*** Opening SUPPLIED DATA ***
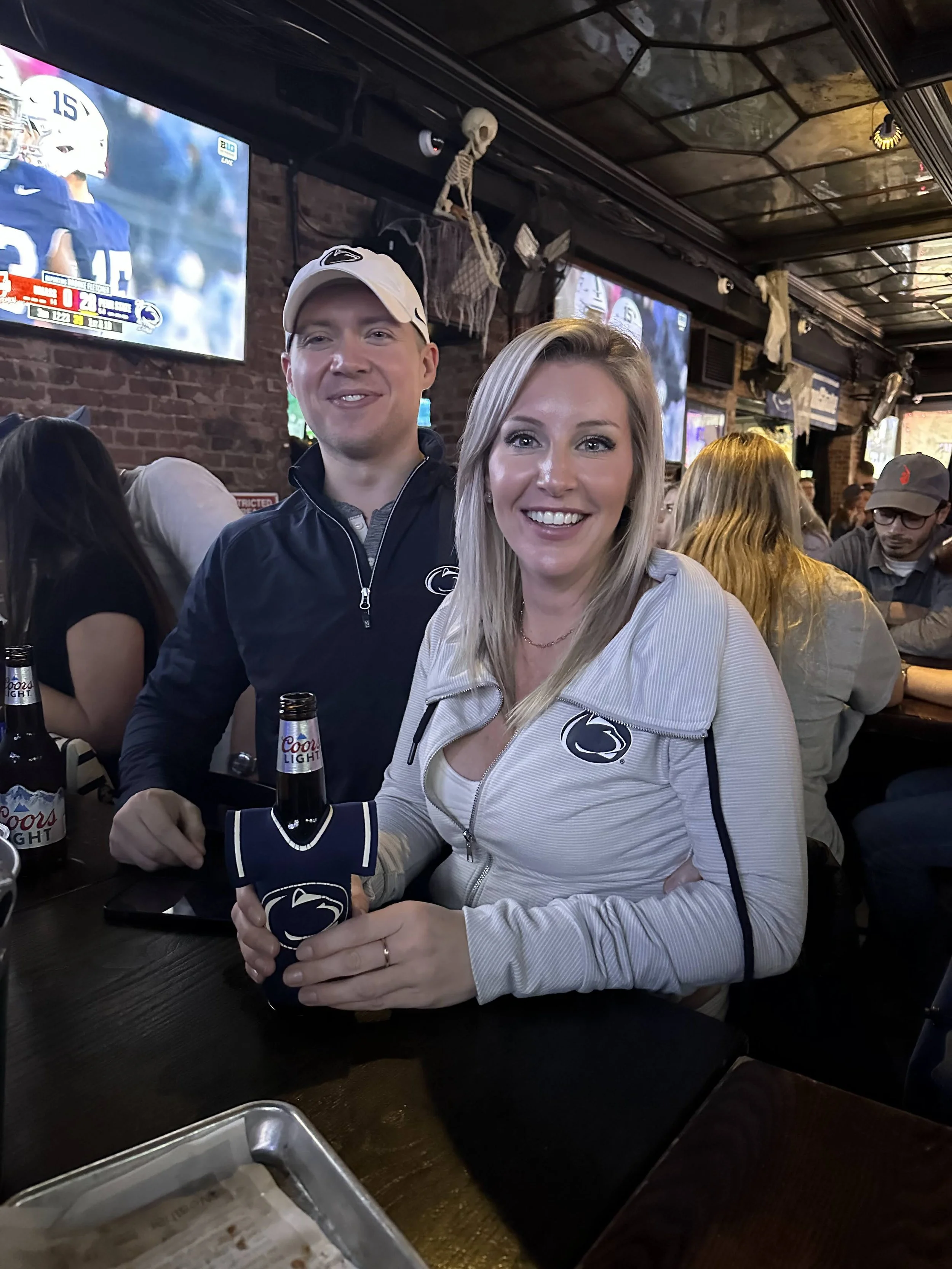 Amanda’s work schedule postponed their second date, but a few weeks later they met to watch their alma mater, Penn State, play football. Over beers, wings, and a nittany lion win, their connection grew and the lunch date stretched into dinner. the two have been inseparable ever since.
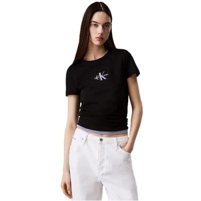 Calvin Klein Women’s Short Sleeve Gradient Monologo Slim Fit T Shirt, Black (Ck Black), S
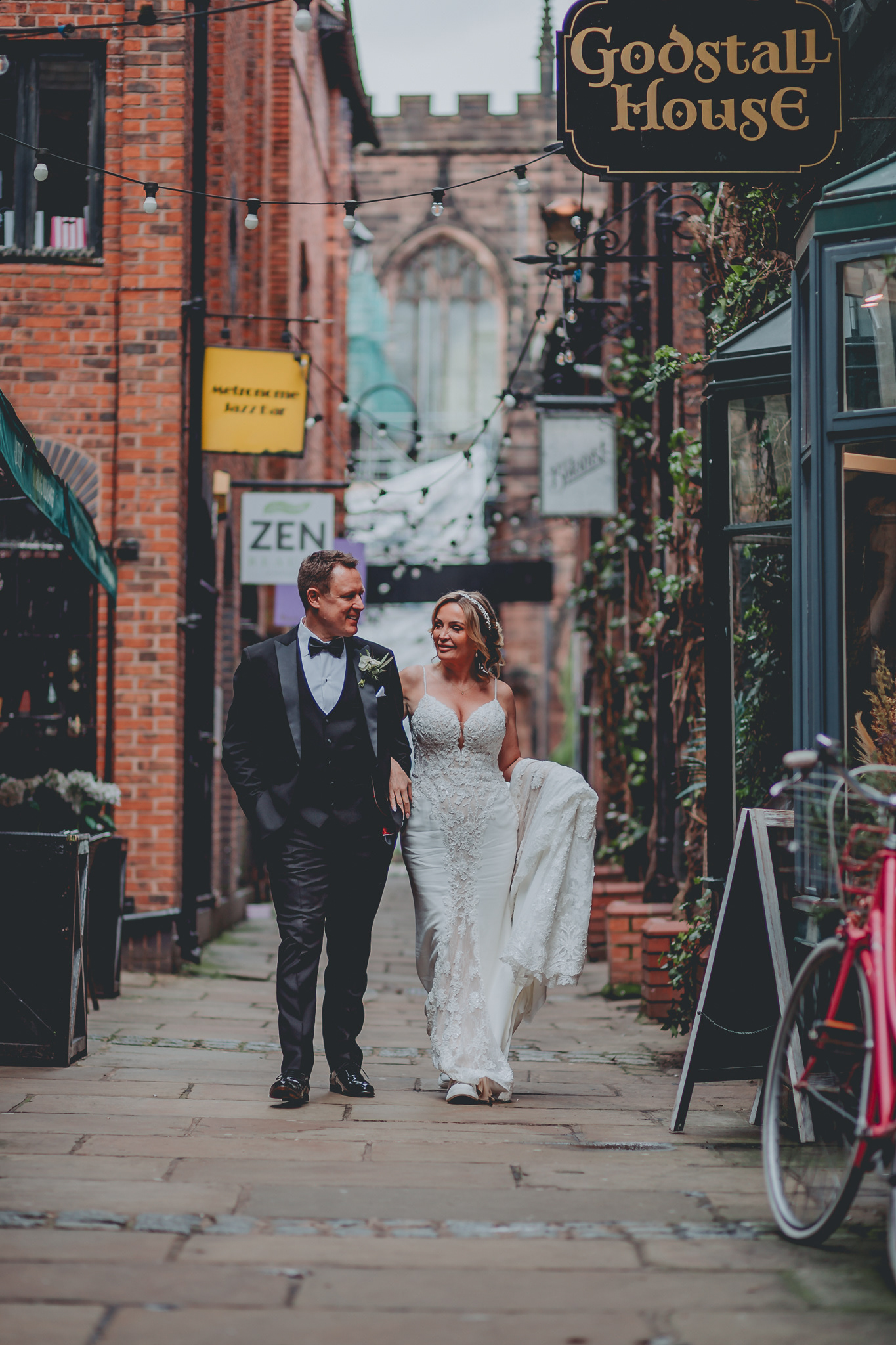The ceremony was short but very sweet, held in the 'Drawing room' which felt more like someone's living room than a wedding ceremony venue. Again, perfect for the intimacy of this wedding. I joined them for aperitifs on the landing and then it was outside for confetti. Kerry, Jonathan and I then head out around Chester for some couples portraits (with the help from lovely assistant Jo!). Jonathan proposed to Kerry underneath Chester's famous Eastgate Clock and so we took a few romantic portraits there before moving on to one of Chester's most beautiful quaint medieval streets, Godstall Lane, a favourite spot of mine! We had some laughs doing tipsy walks and hip-bumps as well as some classic fake flirting! And finally back to the Grosvenor for our final portraits (to fulfil some crazy ideas of mine...which you'll see at the end of this blog) and some more champagne and nibbles! What's not to love?!
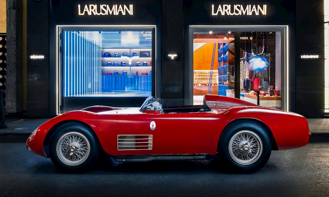 ช่วงเวลาของการจัดงาน Milan Design Week 2025 มาเซราติ ‘200S’ รถแข่งต้นแบบจากค่ายตรีศูล ที่ผลิตช่วงปี พ.ศ. 2498 ถึง 2500 ถูกนำมาจัดแสดงอย่างโดดเด่นในย่าน MonteNapoleone District สถานที่ซึ่งมีมนต์ขลัง และเป็นจุดกำเนิดของแบรนด์ LARUSMIANI อันเก่าแก่ ที่สะท้อนเอกลักษณ์ของนิยาม ‘Hand-Made in Italy’ มานานกว่าศตวรรษ
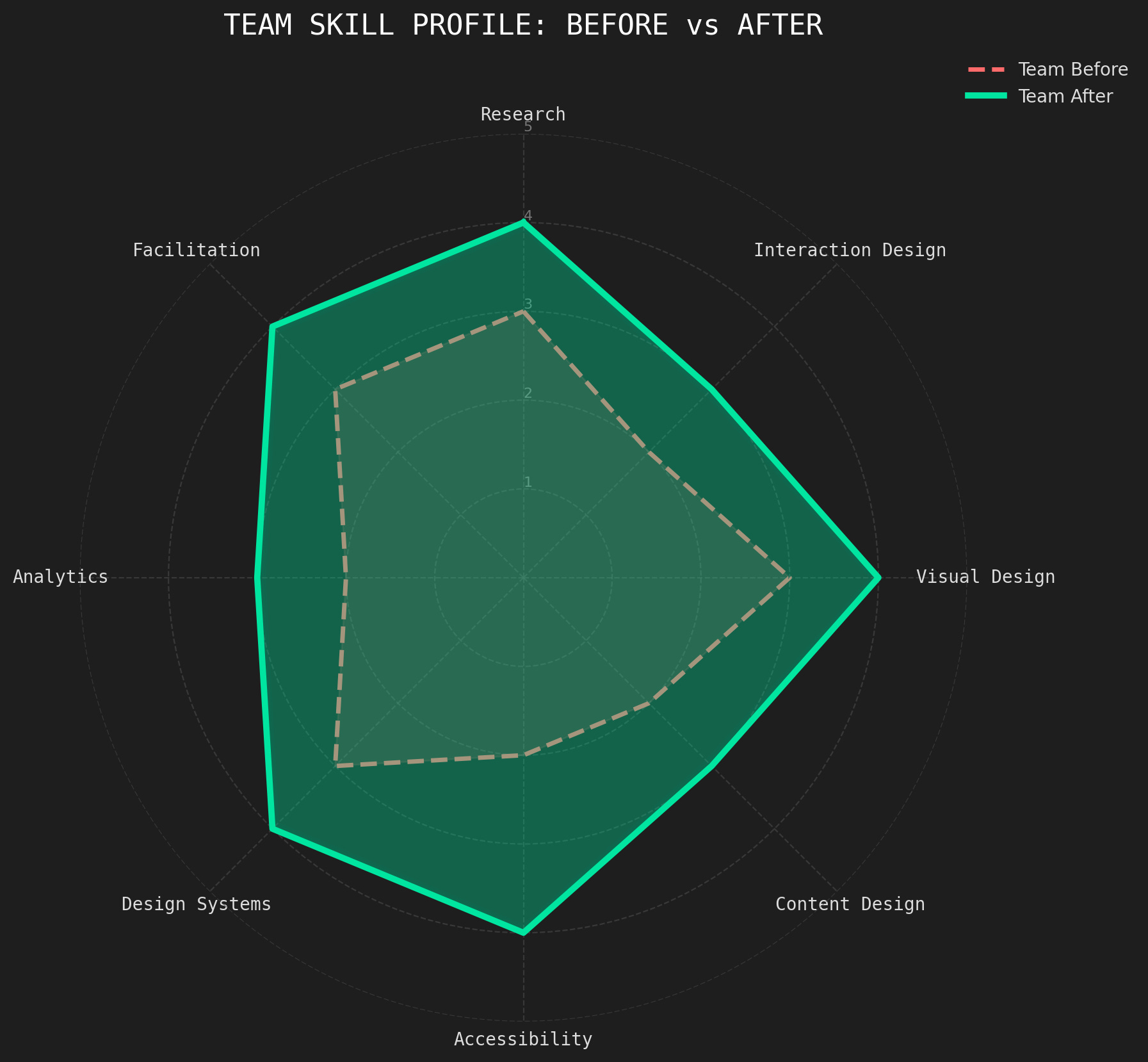 At multiple companies, I have used this approach to establish new design capabilities and teams — not because they were on a roadmap, but because the people and skills were there, waiting to be surfaced and directed.
*** Closing SUPPLIED DATA ***
**TASK DETAILS:** When copying the entries above, keep each word as it is and exclude any image.

**TASK OUTPUT:**
 Amanda’s work schedule postponed their second date, but a few weeks later they met to watch their alma mater, Penn State, play football. Over beers, wings, and a nittany lion win, their connection grew and the lunch date stretched into dinner. the two have been inseparable ever since.
 Calvin Klein Women’s Short Sleeve Gradient Monologo Slim Fit T Shirt, Black (Ck Black), S
The ceremony was short but very sweet, held in the 'Drawing room' which felt more like someone's living room than a wedding ceremony venue. Again, perfect for the intimacy of this wedding. I joined them for aperitifs on the landing and then it was outside for confetti. Kerry, Jonathan and I then head out around Chester for some couples portraits (with the help from lovely assistant Jo!). Jonathan proposed to Kerry underneath Chester's famous Eastgate Clock and so we took a few romantic portraits there before moving on to one of Chester's most beautiful quaint medieval streets, Godstall Lane, a favourite spot of mine! We had some laughs doing tipsy walks and hip-bumps as well as some classic fake flirting! And finally back to the Grosvenor for our final portraits (to fulfil some crazy ideas of mine...which you'll see at the end of this blog) and some more champagne and nibbles! What's not to love?!
 ช่วงเวลาของการจัดงาน Milan Design Week 2025 มาเซราติ ‘200S’ รถแข่งต้นแบบจากค่ายตรีศูล ที่ผลิตช่วงปี พ.ศ. 2498 ถึง 2500 ถูกนำมาจัดแสดงอย่างโดดเด่นในย่าน MonteNapoleone District สถานที่ซึ่งมีมนต์ขลัง และเป็นจุดกำเนิดของแบรนด์ LARUSMIANI อันเก่าแก่ ที่สะท้อนเอกลักษณ์ของนิยาม ‘Hand-Made in Italy’ มานานกว่าศตวรรษ
 At multiple companies, I have used this approach to establish new design capabilities and teams — not because they were on a roadmap, but because the people and skills were there, waiting to be surfaced and directed.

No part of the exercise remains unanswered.